Chicago, Illinois 60606
(312) 407-0700
Indicate by check mark whether the registrant is a large accelerated filer, an accelerated filer, a non-accelerated filer, smaller reporting company, or an emerging growth company. See the definitions of large accelerated filer, accelerated filer, smaller reporting company, and emerging growth company in Rule 12b-2 of the Exchange Act.
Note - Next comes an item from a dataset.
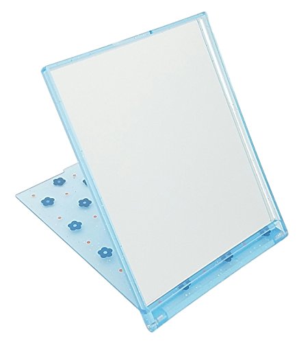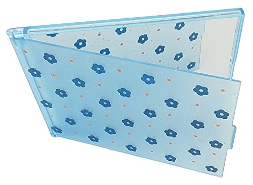 Polka Dot Flower Compact Folding Stand Mirror | Incredibly Cute & Portable | Perfect Make-Up Mirror, especially for Teen Girls | Available in Four Colors (Blue with blue flowers)
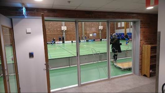 Golvet i hallen är sådär. Storleken på hallen är för liten för innebandy, för nära ribbstolarna. Omklädningsrum mycket bra och enkelt låsbara. Bra kiosk.

Large accelerated filer x |
Accelerated filer o |
Non-accelerated filer o |
Smaller reporting company o |
|
|
(Do not check if a smaller reporting company) |
|
|
|
Emerging growth company o |
If an emerging growth company, indicate by check mark if the registrant has elected not to use the extended transition period for complying with any new or revised financial accounting standards provided pursuant to Section 7(a)(2)(B) of the Securities Act. o
EXPLANATORY NOTE
DEREGISTRATION OF SECURITIES
B/E Aerospace, Inc., a Delaware corporation (the Company), is filing this post-effective amendment related to the following registration statements of the Company on Form S-8 (collectively, the Registration Statements) filed by the Company with the Securities and Exchange Commission (the SEC):
1. Registration statement no. 333-207213, registering 50,000 shares of common stock, par value $0.01 per share, of the Company (the Common Stock) issuable under the B/E Aerospace, Inc. Amended and Restated Non-Employee Directors Stock and Deferred Compensation Plan, which was filed with the SEC and became effective on September 30, 2015.
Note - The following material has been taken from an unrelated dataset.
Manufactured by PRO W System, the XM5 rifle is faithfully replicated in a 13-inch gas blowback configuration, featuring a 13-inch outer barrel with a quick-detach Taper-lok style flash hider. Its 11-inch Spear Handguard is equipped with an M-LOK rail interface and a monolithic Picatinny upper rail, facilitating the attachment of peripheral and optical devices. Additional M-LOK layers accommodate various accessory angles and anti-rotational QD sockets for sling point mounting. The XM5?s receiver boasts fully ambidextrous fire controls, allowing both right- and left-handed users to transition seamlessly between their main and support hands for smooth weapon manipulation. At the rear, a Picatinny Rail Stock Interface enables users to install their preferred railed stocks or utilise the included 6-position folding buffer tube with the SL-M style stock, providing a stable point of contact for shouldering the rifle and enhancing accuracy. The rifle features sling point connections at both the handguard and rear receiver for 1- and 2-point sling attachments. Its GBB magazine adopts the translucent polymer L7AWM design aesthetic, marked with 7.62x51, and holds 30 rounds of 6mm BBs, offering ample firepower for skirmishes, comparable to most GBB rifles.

2. Registration statement no. 333-199791, registering 30,894 shares of Common Stock issuable under the Restricted Stock Inducement Award Agreement for Joseph T. Lower, which was filed with the SEC and became effective on November 3, 2014.
3. Registration statement no. 333-191995, registering $20,000,000 of Deferred Compensation Obligations under the B/E Aerospace, Inc. 2010 Deferred Compensation Plan, which was filed with the SEC and became effective on October 30, 2013.
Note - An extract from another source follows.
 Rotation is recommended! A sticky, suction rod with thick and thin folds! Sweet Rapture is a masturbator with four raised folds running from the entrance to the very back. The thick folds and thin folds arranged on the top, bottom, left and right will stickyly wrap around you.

4. Registration statement no. 333-191994, registering 500,000 shares of Common Stock issuable under the B/E Aerospace, Inc. Amended and Restated 1994 Employee Stock Purchase Plan, which was filed with the SEC and became effective on October 30, 2013.
5. Registration statement no. 333-184705, registering 5,000,000 shares of Common Stock issuable under the B/E Aerospace, Inc. 2005 Long-Term Incentive Plan, which was filed with the SEC and became effective on November 1, 2012.
6. Registration statement no. 333-170494, registering $20,000,000 of Deferred Compensation Obligations under the BE Aerospace, Inc. 2010 Deferred Compensation Plan, which was filed with the SEC and became effective on November 9, 2010.
7. Registration statement no. 333-168528, registering 500,000 shares of Common Stock and issuable under the BE Aerospace, Inc. 1994 Employee Stock Purchase Plan, which was filed with the SEC and became effective on August 4, 2010.
8. Registration statement no. 333-161028, registering 4,500,000 shares of Common Stock issuable under the BE Aerospace, Inc. 2005 Long-Term Incentive Plan, which was filed with the SEC and became effective August 4, 2009.
9. Registration statement no. 333-136974, registering 2,000,000 shares of Common Stock issuable under the BE Aerospace, Inc. 2005 Long-Term Incentive Plan, which was filed with the SEC and became effective on August 29, 2006.
10. Registration statement no. 333-130675, registering (i) 1,696,983 shares of Common Stock issuable under the BE Aerospace, Inc. 2005 Long-Term Incentive Plan and (ii) 500,000 shares of Common Stock for issuance under the Amended and Restated BE Aerospace, Inc. 1994 Employee Stock Purchase Plan (including associated plan interests), which was filed with the SEC and became effective on December 23, 2005.
On April 13, 2017, pursuant to the Agreement and Plan of Merger, dated as of October 23, 2016 (the Merger Agreement), by and among the Company, Rockwell Collins, Inc., a Delaware corporation (the Parent), and Quarterback Merger Sub Corp., a Delaware corporation (Merger Sub), Merger Sub merged with and into the Company (the Merger), with the Company surviving the Merger as a wholly owned subsidiary of the Parent. As a result of the transactions contemplated by the Merger Agreement, the Company has terminated all offerings of the Companys securities pursuant to the Registration Statements.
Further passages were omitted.